Hellblazer: Hard Time


Words by

Brian Azzarello


Art by

Richard Corben


Published by

DC Comics (US)
Titan Books (UK)


First published

2000


ISBN

1-56389-696-6 (US)
1-84023-255-2 (UK)


Links

Straight to Hell
Hellblazer Index


Story

5 stars

Art

5 stars

Overall

5 stars


Hellblazer: Hard Time

Hellblazer: Hard Time The anti-hero star of the Hellblazer series is John Constantine, one of the most iconic non-cape wearing characters to come out of DC Comics. A Mancunian ex-punk chain-smoker with a long dark past, he doesn't say much, practices magic (though no-one is quite sure how or why) and has a tendency to drag his few friends in over their heads. He's about as far from Harry Potter as you can get.

Hellblazer: Hard Time

Hard Time sees Constantine shoulder the load for someone else's crime and get sentenced to thirty-five years 'life' imprisonment in a US jail. From the word go he is viewed by both the wardens and the other prisoners and as a victim and a pawn in their political squabbles. The white supremacists, the Muslims, the Bloods, the bikers, the wiseguys - they all want a piece of this charismatic and innocent-seeming British guy, some of them literally. Without his tricks or his cigarettes, Constantine must do what he can to stay afloat in the prison's corrupt system, and the ensuing results are guaranteed to take the reader's breath away.
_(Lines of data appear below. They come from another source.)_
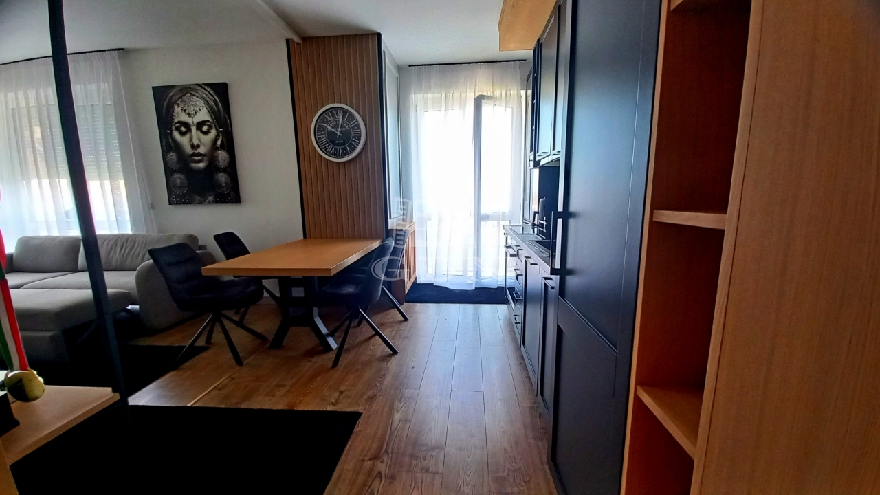 A lakásban egy nappali-étkező-konyha és egy hálószoba található. A fürdőszoba és a WC külön helyiségben van. Prémium burkolatok, magas minőségű konyhabútor és beépített szekrény, valamint mindkét szobában hűtő-fűtő klíma szolgálja a még nagyobb komfortérzetet.
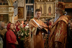 За Пасхальной заутреней Его Преосвященство прочитал Слово огласительное святителя Иоанна Златоуста на Святую Пасху.
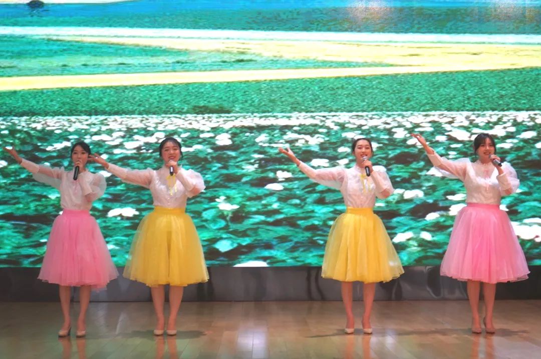 20歌舞班沈娅如、潘颖欣、蔡依娜、叶馨漪同学带来的歌曲《田野的春天》,他们用歌声描绘着一望无际的田野,悄然绽放的高雅美丽的野花,欢快轻松的旋律中,春日的暖意缓缓流进每个人的心田。
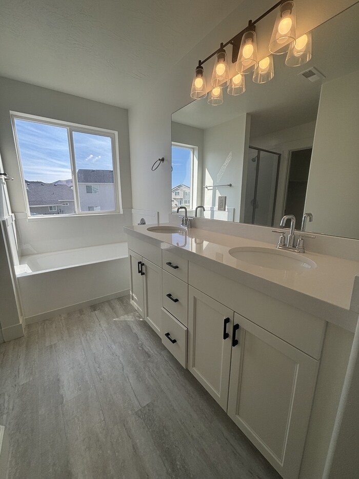 Rent: $2,400.00 Security Deposit: $2,400.00 (fully refundable upon a move out inspection) Lease Initiation Fee: $100.00 Application Fee: $40.00 per adult Utilities: tenant's responsibility by meter read Pet Friendly - fee vary between breeds. Contact Agent for details. This beautiful 4-bedroom, 2.5-bathroom home offers a perfect blend of style and comfort with quartz slab countertops, freshly painted cabinets, and laminate flooring throughout the main level. The spacious master suite features vaulted ceilings, a dual-sink vanity, and a separate tub and shower, creating a spa-like retreat. You'll love the bright, windowed laundry room and the convenience of included front yard landscaping, making exterior maintenance a breeze. With its thoughtful design and modern finishes, this home is move-in ready and sure to impress. Contact Amanda Dutton wit Equity Property Management for a showing or for additional questions at / . Equity Real Estate is committed to equal housing opportunity. We do not discriminate against anyone. You can apply at This property allows self guided viewing without an appointment. Contact for details.
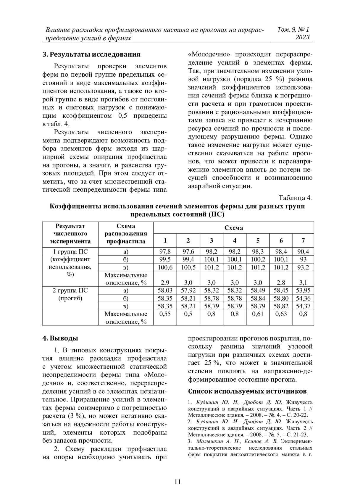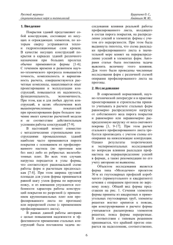 Статья посвящена анализу влияния расположения профилированного настила с учетом его неразрезной работы на перераспределение усилий в фермах. В качестве объекта исследования приняты фермы типа «Молодечно» пролетом 30 м из гнутосварных профилей коробчатого сечения. В зависимости от конфигурации кровли сформированы 7 расчетных случаев. В каждом случае сначала производится подбор сечений элементов фермы без учета работы профилированного листа, а затем - проверка с учетом расположения профилированного настила на прогонах. Выполнено сравнение результатов численных экспериментов, в частности узловые нагрузки и коэффициенты использования сечений. Приведенные данные обосновывают вывод о необходимости учета работы профилированного настила при расчете элементов покрытия.
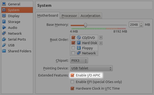 2. In the «Motherboard» tab, enable or disable the «Enable I/O APIC» option and try to boot the system again.
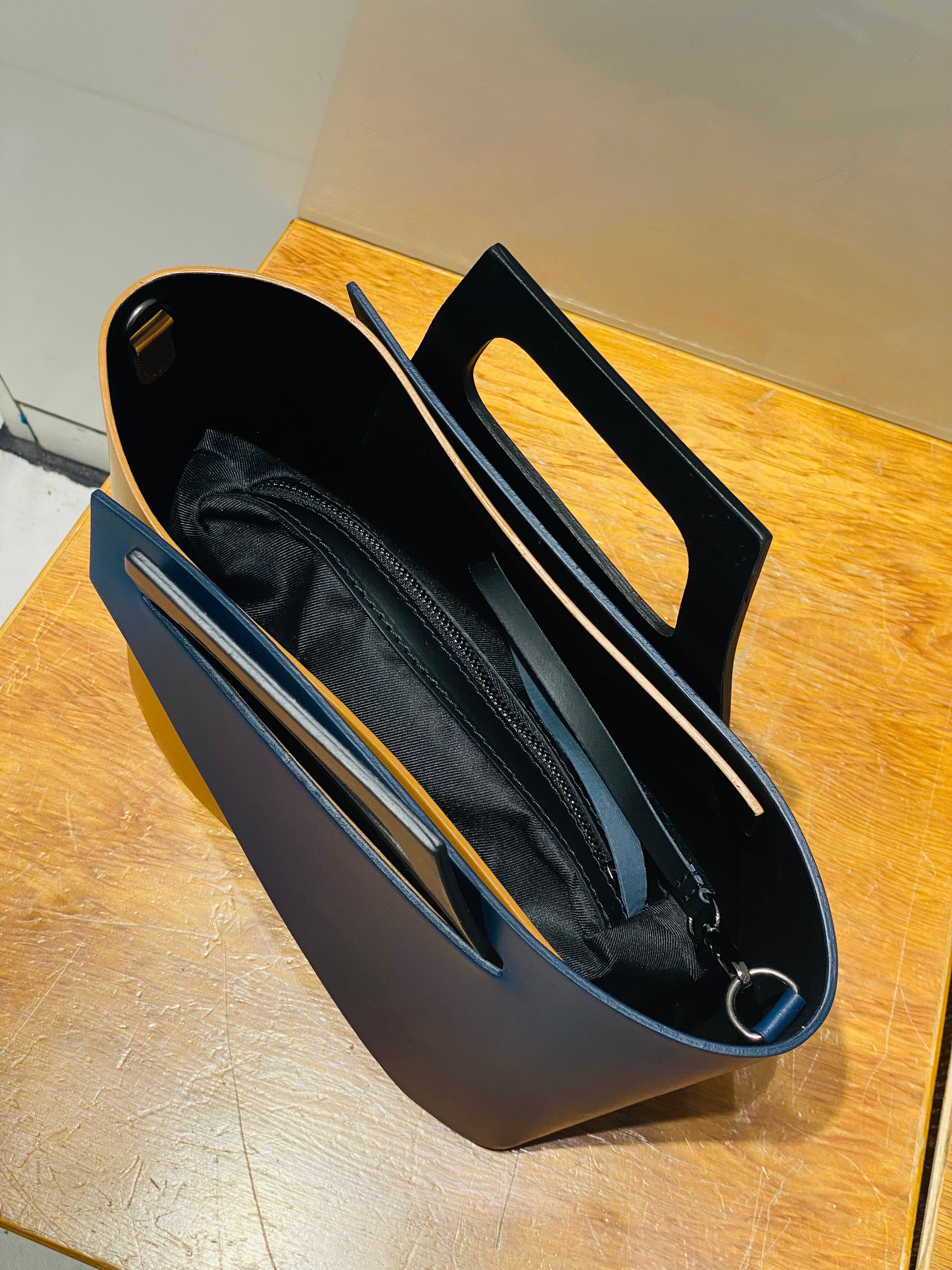 イタリア製 本革 バイカラーレザーバッグ
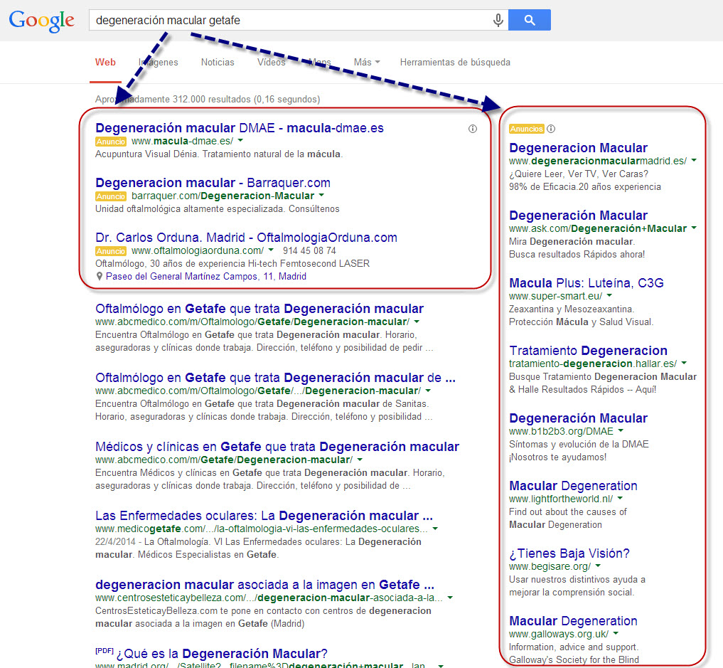 Ejemplo: Un oftalmólogo de Madrid que presta servicio en Getafe y Leganés quiere captar pacientes de estas localidades que demanden tratamiento de degenaración macular asociada a la edad y de cirugía de cataratas. Le interesa que vean su anuncio entre semana en horario de consulta.
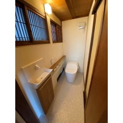 浴室をユニットバス化、廊下と洗面が分かれているため、間仕切りをとり洗面脱衣室として広くとりました。 それに伴い、窓、勝手口はアルミサッシに改修。 雪隠便所から下水に接続し、水洗トイレ。 既存地窓や建具は既存再利用し昔の面影を残して、内装はクロス、クッションフロアにリフォームしました。 縁側はアルミサッシ、縁側は縁甲板にやり替えました。
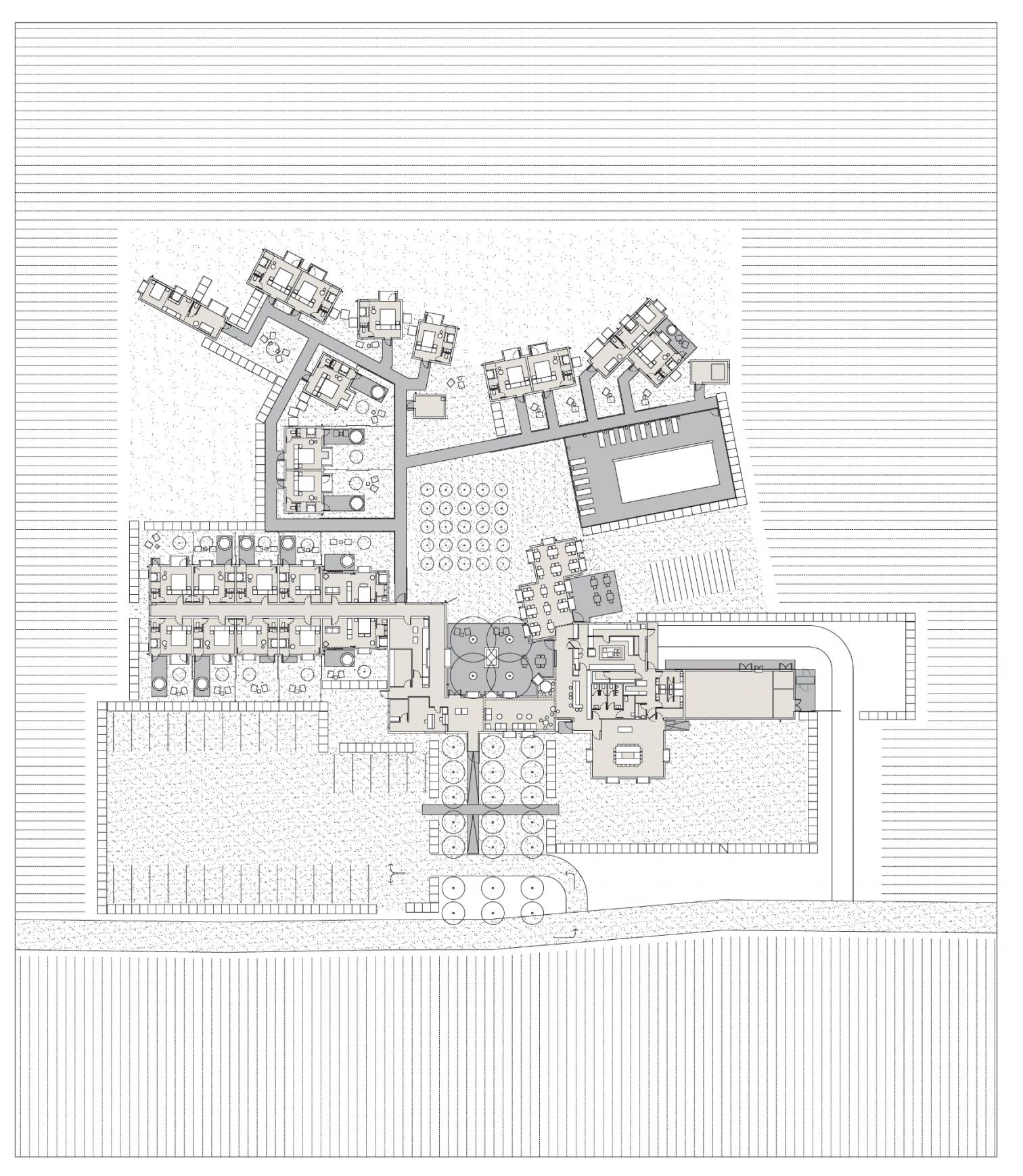 The series of cubic, monochrome and scattered volumes that make up the hotel allow views of the interstitial spaces, avoiding a massive appearance and generating an animated play of light and shadows.

Brian Azzarello (of 100 Bullets fame) has kept the Hellblazer dialogue sparse and taut, with no words wasted. The humour is as dry as ever and even Constantine's original creator, Alan Moore, has nothing but good things to say about his character in Azzarello and Corben's care.

Long-term fans of the Hellblazer series will be pleased to see that the ghosts of the friends that Constantine has allowed to die during his murky career are back, and that Constantine doesn't indulge in self-torment at any point in this story arc. His ethics may be a darker shade of pale but his will and confidence are intact.

Richard Corben's art is believable but expressive, with something of the Robert Crumb in its heavy lines and leering faces - the perfect foil to a pungent stand-alone prison story that Hellblazer fans should love and newcomers can afford to pick up without feeling lost in the plot. The Shawshank Redemption this isn't.